**The task**. Return the listing below unchanged, but without pictures.

**Data segment**.
>>>

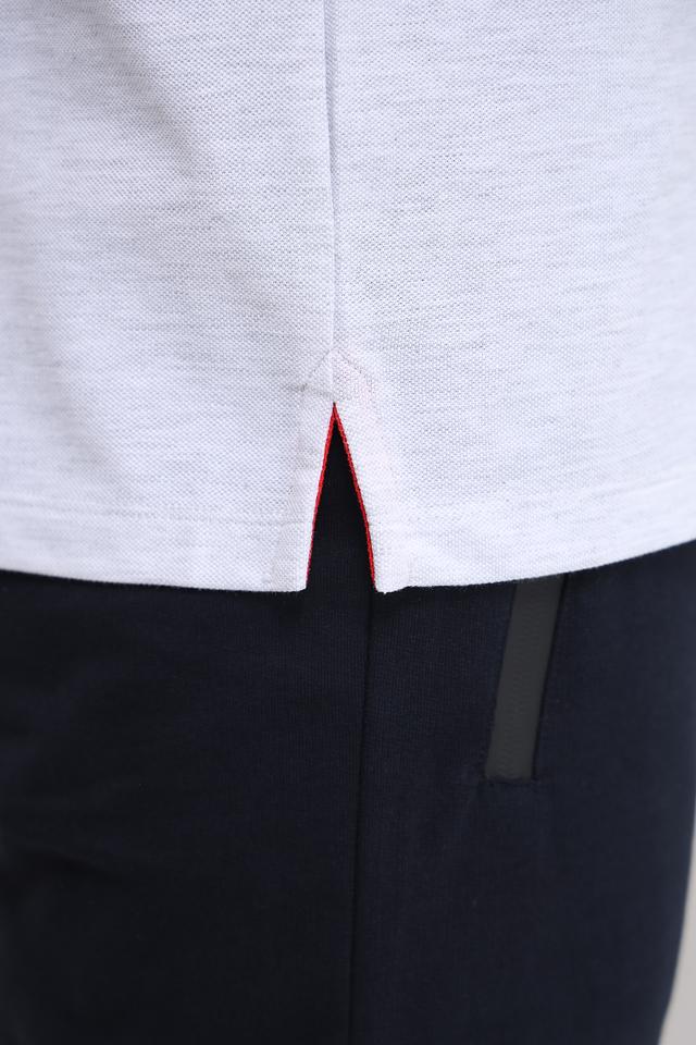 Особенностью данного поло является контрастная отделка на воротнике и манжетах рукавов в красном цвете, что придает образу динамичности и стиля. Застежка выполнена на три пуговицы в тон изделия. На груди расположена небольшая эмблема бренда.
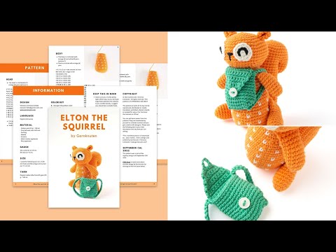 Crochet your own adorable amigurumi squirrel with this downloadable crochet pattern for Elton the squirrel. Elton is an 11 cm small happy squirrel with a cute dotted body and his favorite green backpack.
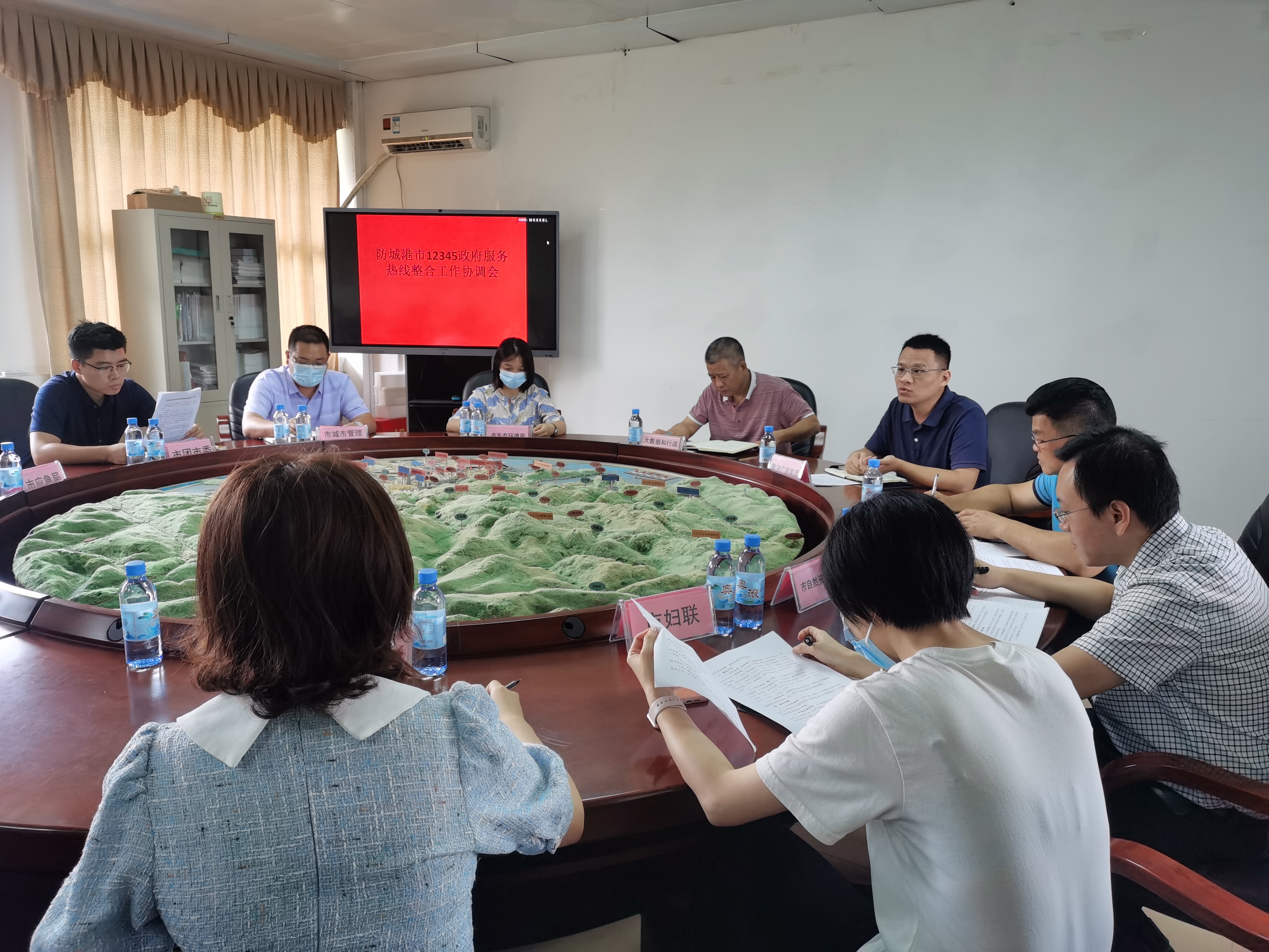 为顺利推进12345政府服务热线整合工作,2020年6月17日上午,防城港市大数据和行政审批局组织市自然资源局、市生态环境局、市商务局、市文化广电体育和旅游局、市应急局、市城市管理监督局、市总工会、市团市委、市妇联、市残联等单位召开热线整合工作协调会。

<<<

**Written reply**.
 Особенностью данного поло является контрастная отделка на воротнике и манжетах рукавов в красном цвете, что придает образу динамичности и стиля. Застежка выполнена на три пуговицы в тон изделия. На груди расположена небольшая эмблема бренда.
 Crochet your own adorable amigurumi squirrel with this downloadable crochet pattern for Elton the squirrel. Elton is an 11 cm small happy squirrel with a cute dotted body and his favorite green backpack.
 为顺利推进12345政府服务热线整合工作,2020年6月17日上午,防城港市大数据和行政审批局组织市自然资源局、市生态环境局、市商务局、市文化广电体育和旅游局、市应急局、市城市管理监督局、市总工会、市团市委、市妇联、市残联等单位召开热线整合工作协调会。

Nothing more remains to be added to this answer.